The Federal Reserve proposed guidelines Friday for how large banks should manage climate-related financial risks, following similar guidance from the Office of the Comptroller of the Currency and the Federal Deposit Insurance Corp. released within the past year.
The Fed’s proposed rules, which would guide banks with more than $100 billion in assets to incorporate climate-related financial risks into their planning, were approved for public comment by the central bank’s board of governors in a 6-1 vote.
The financial impacts of climate change, the Fed wrote, “pose an emerging risk to the safety and soundness of banking organizations and the financial stability of the United States. Banking organizations are likely to be affected by both the physical risks and transition risks associated with climate change.”
“For example, chronic flooding or wildfires may pose a risk to the value of the collateral that a banking organization has taken as security against its loans,” the Fed wrote. “Technological innovations in the production, storage and transport of energy could decrease the value of assets dependent on older technologies, resulting in mark-to-market losses on a banking organization’s trading portfolios or reduced cash flow of certain borrowers.”
The Fed's plan would mandate big banks’ consideration of climate-related financial risks in their audits, risk management plans and liquidity buffers.
Additionally, it would require banks to engage in climate-related scenario analysis, defined as exercises that assess how changes in the economy, changes in the financial system, or physical hazards resulting from climate change impact the financial institution.
Fed Gov. Christopher Waller, a Republican, was the sole dissenter.
"Climate change is real, but I disagree with the premise that it poses a serious risk to the safety and soundness of large banks and the financial stability of the United States,” he said in a statement published alongside the proposed rules. “The Federal Reserve conducts regular stress tests on large banks that impose extremely severe macroeconomic shocks and they show that the banks are resilient."
Another of the central bank board’s Republicans, Gov.

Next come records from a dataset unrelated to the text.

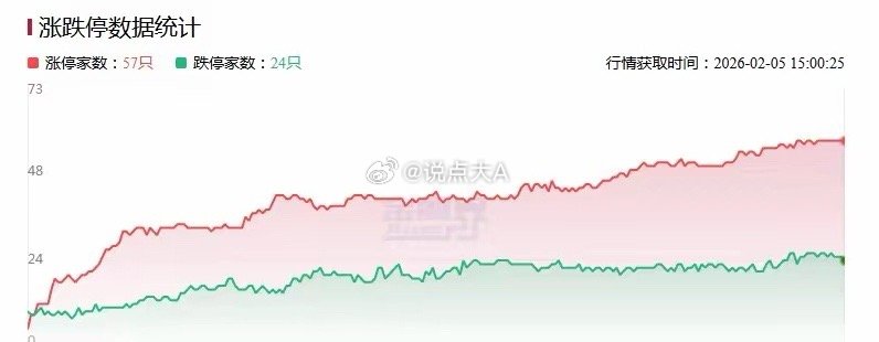 【涨停复盘:今日全市场共57只股涨停,连板股总数10只,大消费板块爆发,横店影视、安记食品涨停!】 2月5日,三大指数午后跌幅收窄,收盘沪指跌0.64%、深成指跌1.44%、创业板指跌1.55%,沪深两市成交额2.18万亿(缩量3048亿)。全市场超3700只个股下跌,不含ST、退市股共44股涨停,连板股10只,封板率81%;焦点股有天地在线14天7板、横店影视6天5板、民爆光电20CM4连板。板块上,大消费、大金融、商业航天、算力租赁等活跃,有色金属、电网设备等跌幅居前。相关热点:AI+零售千问启动30亿春节计划;福建将恢复上海居民赴金门马祖旅游;2026年1月A股新开户491.58万户(环比增89%、同比增213%);中国电信展示量子科技三大赛道成果。详情:涨停复盘:今日全市场共57只股涨停,连板股总数10只,大消费板块爆发,横店影视、安记食品涨停!
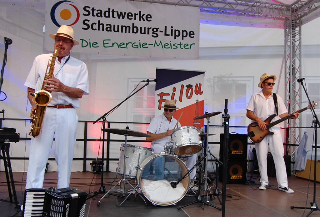 In diesem Jahr werden es drei tolle Abende mit wunderbaren Künstlern: Am 10. Juli startet die beliebte Band „FILOU“ – seit Jahren ein fester Bestandteil in der Bückeburger Musikszene. Die drei Tonkünstler laden zum musikalischen „Apéritif mit FILOU“ in entspannter Atmosphäre mit einer leichten Brise aus Chanson, Musette, Swing und Evergreens ein.
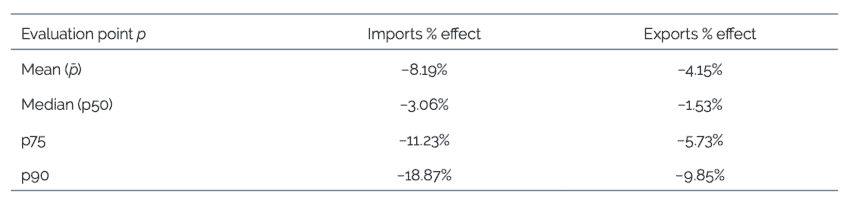 Note: Effects are computed as 100(exp[β ̂⋅p]-1 using the continuous (mean) coefficients from Table 2 col. (3) [imports] use and Table 3 col. (3) [exports]. Imports use β ̂IMP =-14.665; exports use β ̂EXP =-7.270
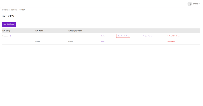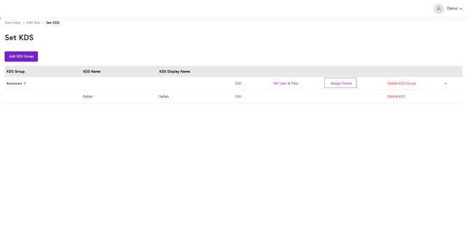 9. Navigate back to set KDS screen to assign stores by clicking on Assign stores.
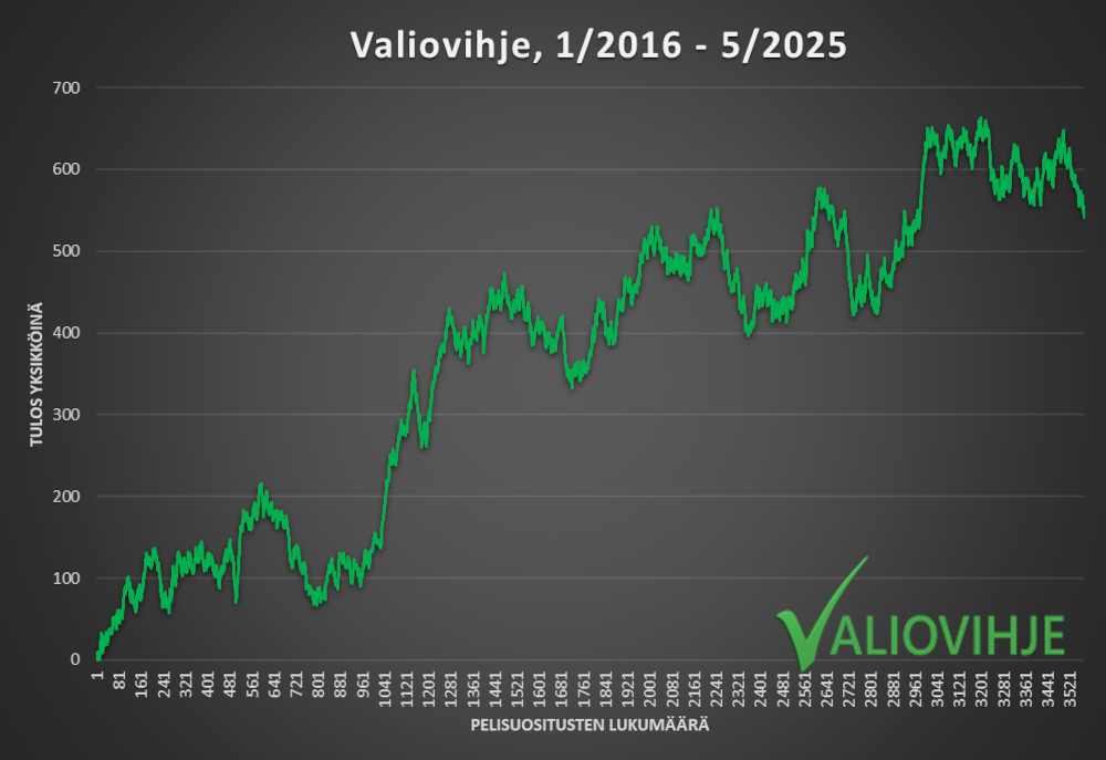 Kauden 2025 – 2026 aikana pelattavaa löytynee noin 2050 yksikön edestä. Odotettu tuotto per pelisuositus on keskimäärin 3,0%, joten ennakoiduksi kausituotoksi saadaan noin 60 yksikköä. 20 euron yksikköpanoksella Valioliiga-kauden odotusarvoinen tuotto olisi siis noin 1 200€ ja 500 euron yksikköpanoksella 30 000€.
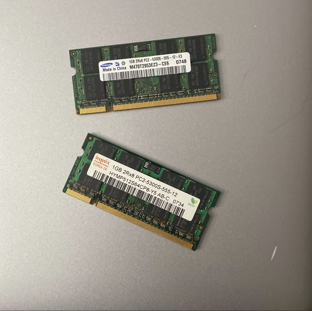 2 GB laptop ram DDR2 1- 1GB Samsung 2- 1GB Hynix

Michelle Bowman, voted in favor of the plan but also released a statement indicating her reservations and that the board should consider "the costs and benefits of any new expectations."

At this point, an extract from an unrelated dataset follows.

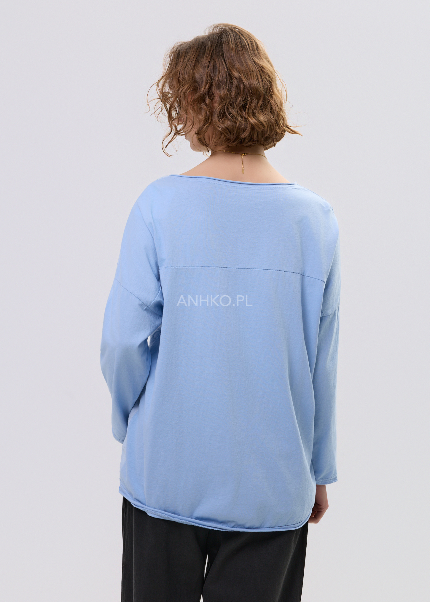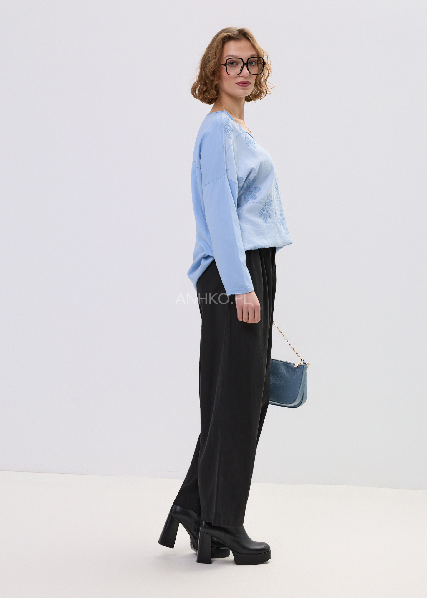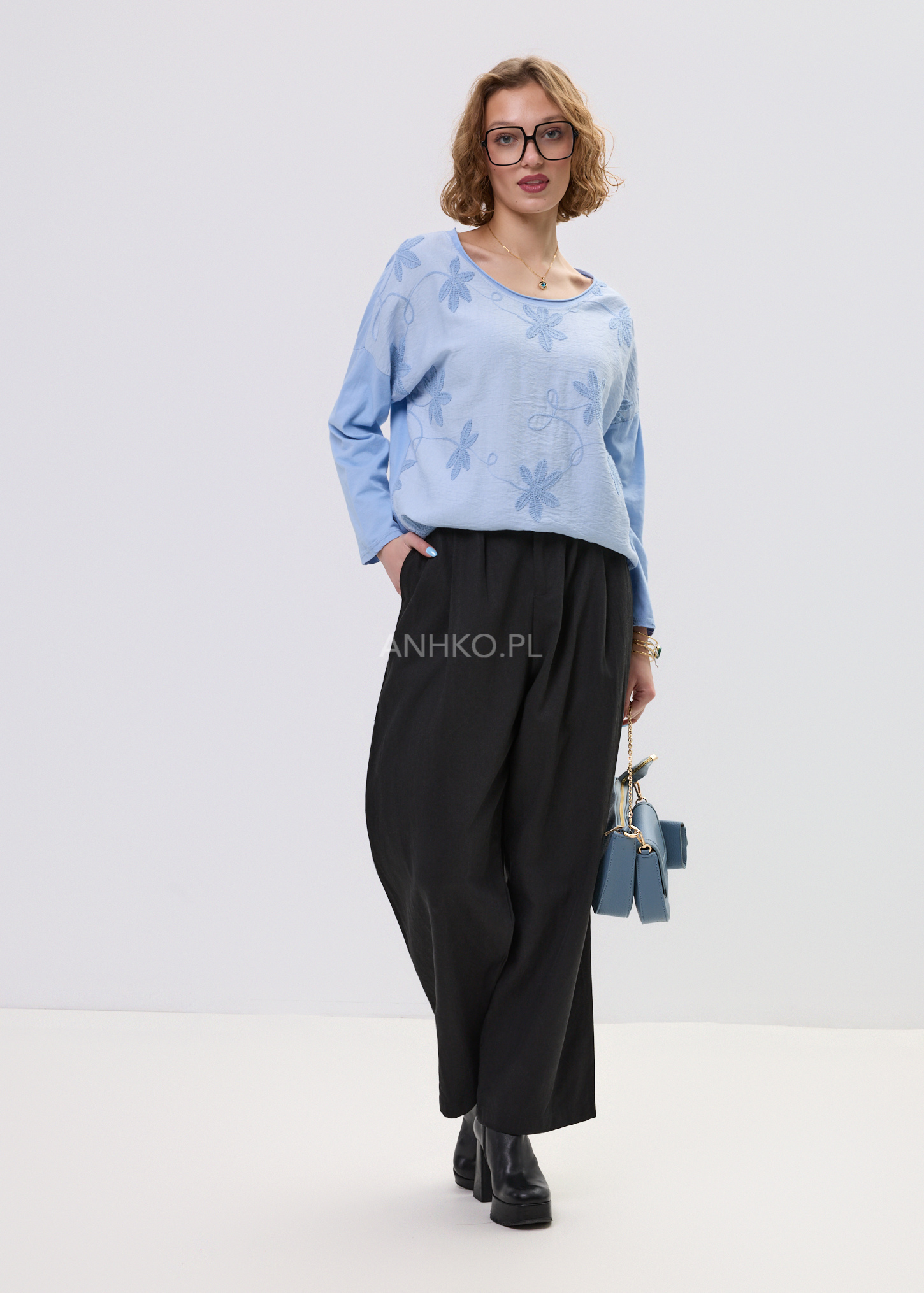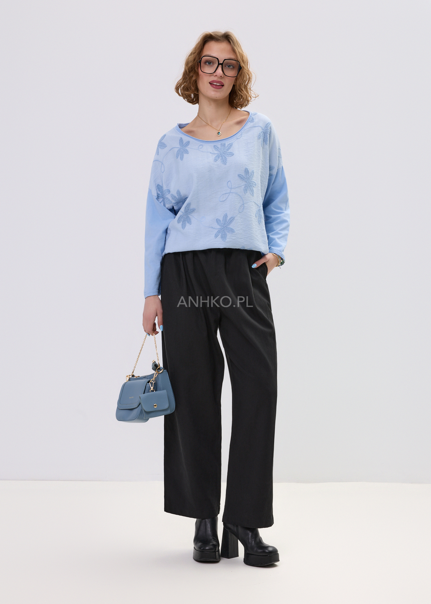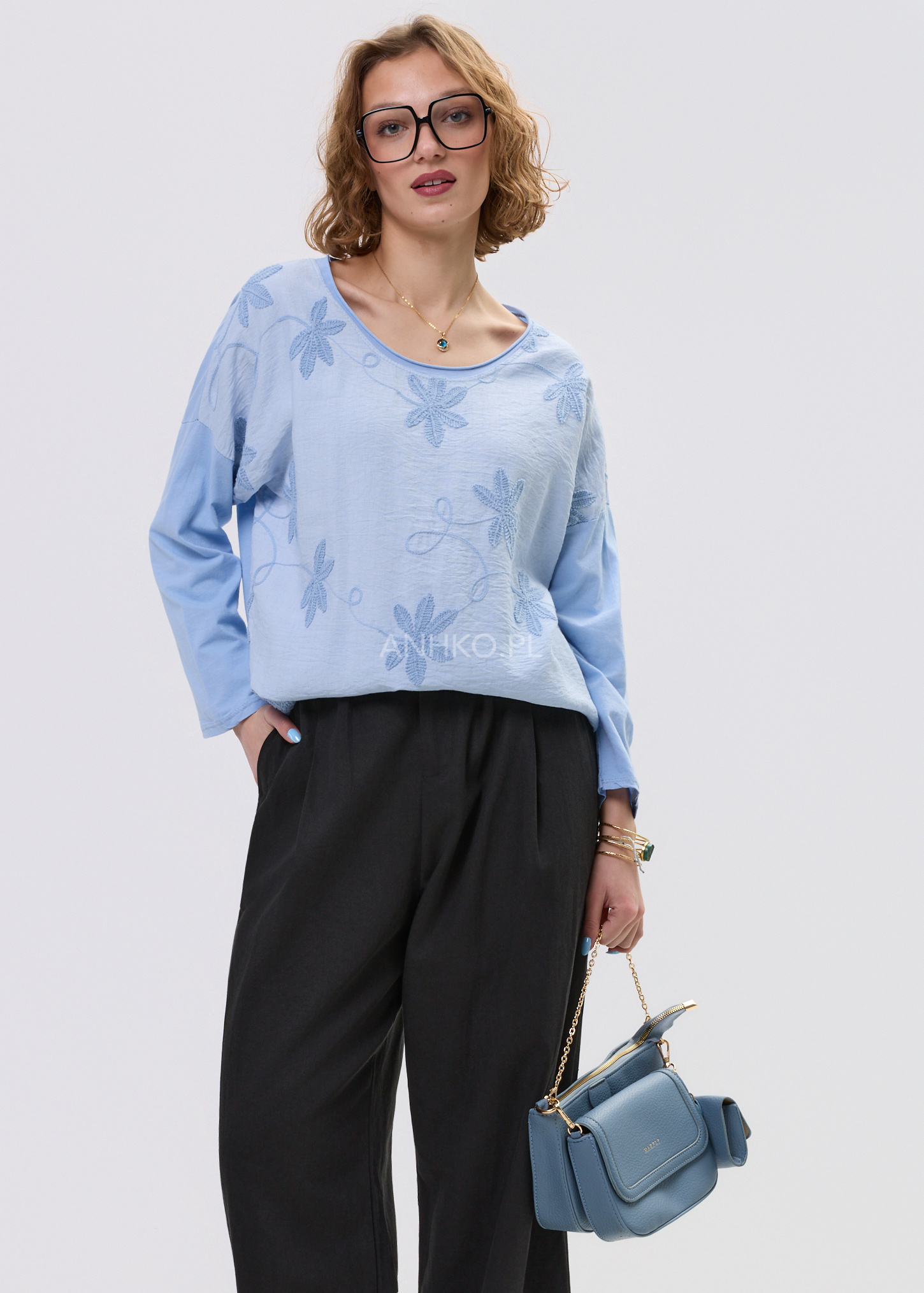 Ta bluzka damska w odcieniu delikatnego baby blue wyróżnia się dekoracyjnym haftem inspirowanym motywem kwiatów. Luźny fason sprawia, że model swobodnie układa się na sylwetce, zapewniając wygodę oraz naturalny, lekki efekt w stylizacji. Subtelne zdobienia rozmieszczone na całej powierzchni materiału dodają jej romantycznego charakteru, a jednocześnie zachowują minimalistyczną elegancję.

“The Board has long expected financial institutions to meet robust risk management standards … The new principles contemplate additional obligations on firms to monitor and measure a broader set of climate-related risks, over indefinite time horizons,” she wrote. “While I support seeking public comment, this vote does not indicate my support for the finalization of this guidance.”
The proposal will be open for public comment for 60 days.